Stefano Harney and Fred Moten, 'Fantasy in the Hold', in The Undercommons: Fugitive Planning and Black Study (Wivenhoe/New York/Port Watson: Minor Compositions, 2013), pp. 87-99
2. Just the chapter Who is the Author from Stengers, Power and Invention: situating science.

Seminar 1: Tuesday 19 October 2015

This seminar On the Limits of the Writerly assesses double-images of the edge work of a critical writerly practice. It will do this broadly, through exposure to a number of exemplary ‘literary-philosophical’ texts, and more specifically or concertedly through a planetary—that is, cultural political and world-ecological—focus on the New Economy’s specific setup of relations between capital/ization and language.

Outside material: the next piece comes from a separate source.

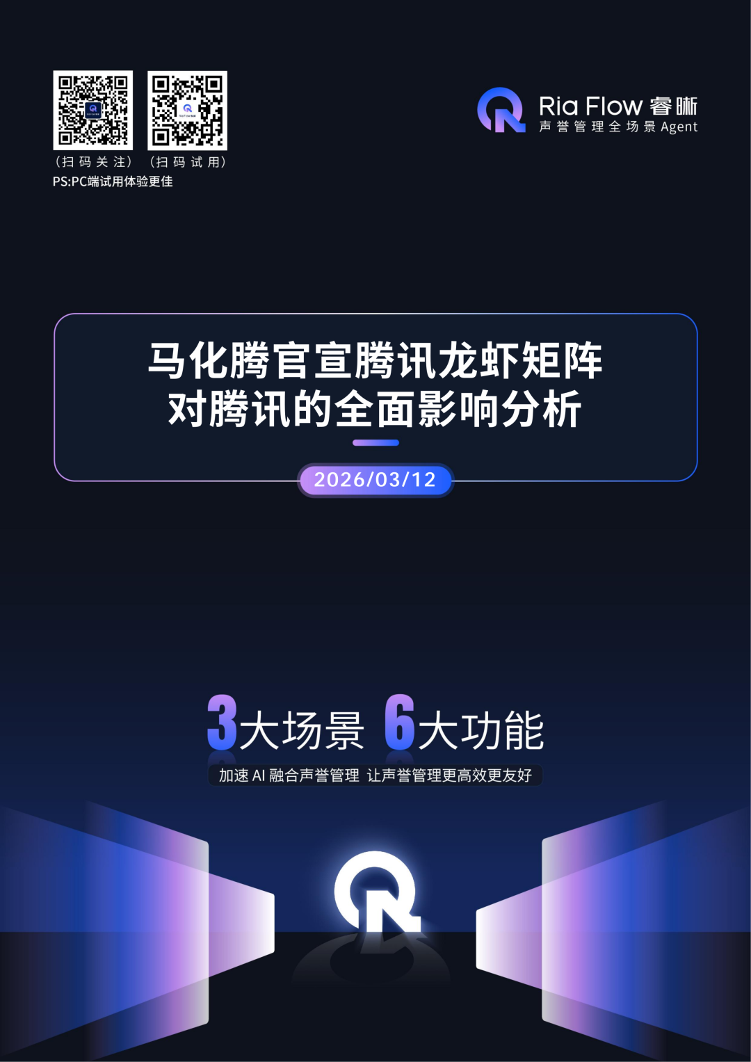 声誉观察 | Tony马官宣腾讯龙虾矩阵对腾讯的全面影响分析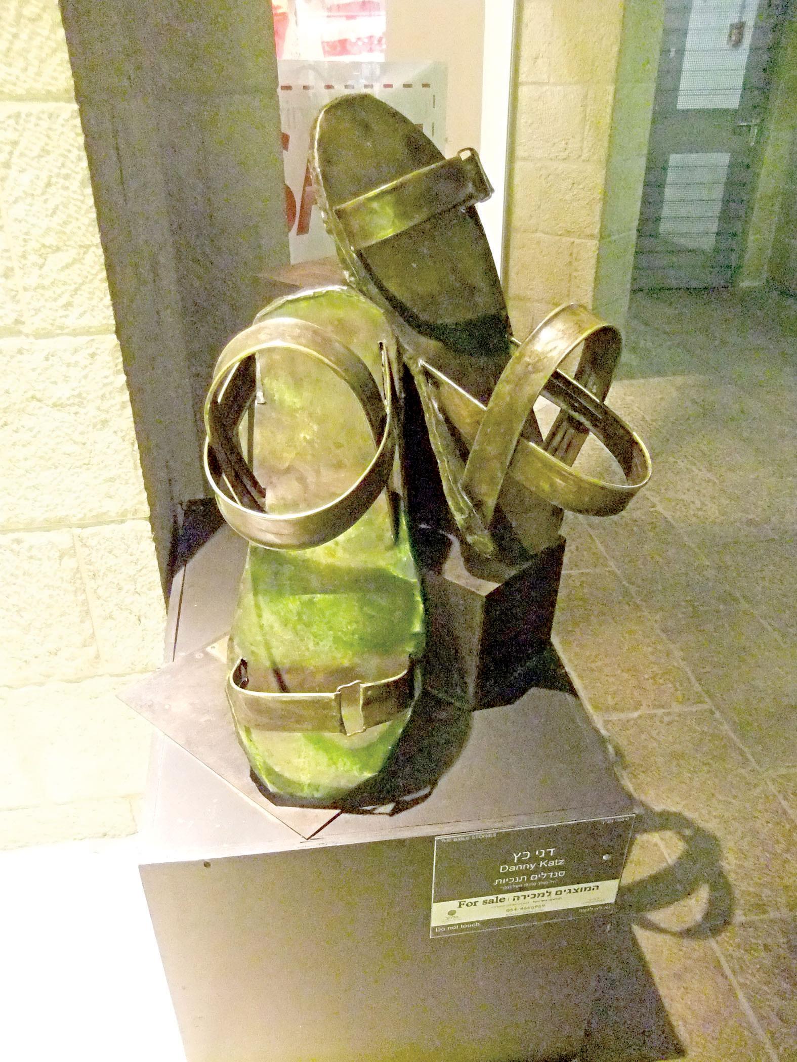 תופסים מקום חשוב אצל אוכלוסיית רגישי-הטמפרטורה-בקצות-הגוף. דגם סנדלים תנ"כיים שהוצג בתערוכה בשדרות ממילא, ירושלים, 2011

The first text we will read is Edward Said's 'Travelling Theory', from The World, The Text, The Critic. It traces the journey of a particular theorisation of the novel by the Marxist literary scholar Georg Lukacs, in terms of how that theory translates into two different spaces of reception and institutionalisation that are inevitably both quite different from the space and socio-historic 'moment' in which it was initially composed. Lukácsian narrative theory has been significant to critical literary studies but its principles and conclusions are mostly befitting of radical writerly production within the industrializing European nation-state, hinged as that was upon a high colonial world systemic 'humanism'. We begin with this text to mainframe questions around past and present politics of literary-political movement and circulation in the relationship to writing to the aesthetic, and to theory's own cultural-industrial 'travail'.

The second text we will read with Said is Aaron Hillyer's introductory chapter, 'Writing of the No', in The Disappearance of Literature: Blanchot, Agamben, and the Writers of the No. All of the writers of interest in Hillyer's book are somewhat difficult (and perhaps besides the writerly point) to deal with ‘theoretically,' by which I mean, their tendency to generate and inspire new readings/writings is due precisely to their obliteration of the difference between theory and literature. It is useful for us beginning this class to appreciate the stakes of such a literary-theoretical investment in No, through the particular signposts that Hillyer has isolated in practices: the affirmative modality of study, the question of community, the improper nature of our dealings with apparatus, the relationship between mysticism and un/governeable subjectivity, and of literature/writing to itself.